Data extract START

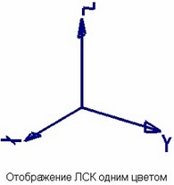 Одним цветом. Данный флажок отвечает за внешний вид ЛСК. Когда он снят, оси ЛСК рисуются разными цветами. Цвета осей (красный, зелёный, синий) совпадают с цветами осей глобальной системы координат. При установленном флажке ЛСК отображается одним цветом (параметр “Цвет”).
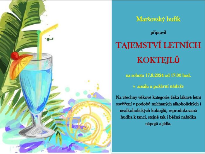 Maršovský bufík Vás zve tuto sobotu 17. srpna na posezení při míchaných drincích. Těšit se můžete na různé alko a nealko koktejly. Začátek od 17.00 hod. Nebude chybět standardní "bufíková" nabídka.
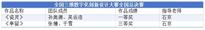 近日,第18届全国三维数字化创新设计大赛全国总决赛比赛结果揭晓,我校人文学院学生作品脱颖而出,共获奖项15项。其中,国赛一等奖1项、三等奖1项。此次成绩刷新我校在该项赛事中的历史最佳成绩。
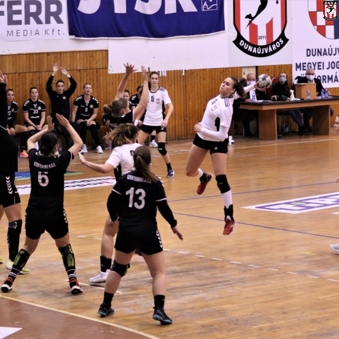 A második félidőt a pályán ritkán látható hármas emberhátrányban kezdte meg együttesünk, de ez az időszak sem hozta sokkal közelebb a csapatokat. Majd egy újabb kiváló periódus következett a DKKA számára, amikor is Fodor Neszta mellett Pál Eszter és Kovács Krisztina is szállította a gólokat. A második félidő közepe tájékán megjelent a fáradtság mindkét félnél, a csapatok egyre többet hibáztak a támadások befejezésénél. Egy védekezés során Sztanó Kincső bokája sérült meg, reméljük nem súlyosan. Fiataljaink végig tartani tudták a tempót a rutinos kézilabdázókból álló szentendrei csapat ellen, és végül tíz góllal, 32-22 arányban győzedelmeskedtek, mellyel megszerezték első pontjaikat a NB I/B-s bajnokság nyugati csoportjában. Jár a gratuláció az egész csapatnak!

Data extract END

• _Directions for this task_
Repeat, with no pictures, each line from the beginning of the data through the line containing "近日,第18届全国三维数字化", inclusive.

• _Your solution_
 Одним цветом. Данный флажок отвечает за внешний вид ЛСК. Когда он снят, оси ЛСК рисуются разными цветами. Цвета осей (красный, зелёный, синий) совпадают с цветами осей глобальной системы координат. При установленном флажке ЛСК отображается одним цветом (параметр “Цвет”).
 Maršovský bufík Vás zve tuto sobotu 17. srpna na posezení při míchaných drincích. Těšit se můžete na různé alko a nealko koktejly. Začátek od 17.00 hod. Nebude chybět standardní "bufíková" nabídka.
 近日,第18届全国三维数字化创新设计大赛全国总决赛比赛结果揭晓,我校人文学院学生作品脱颖而出,共获奖项15项。其中,国赛一等奖1项、三等奖1项。此次成绩刷新我校在该项赛事中的历史最佳成绩。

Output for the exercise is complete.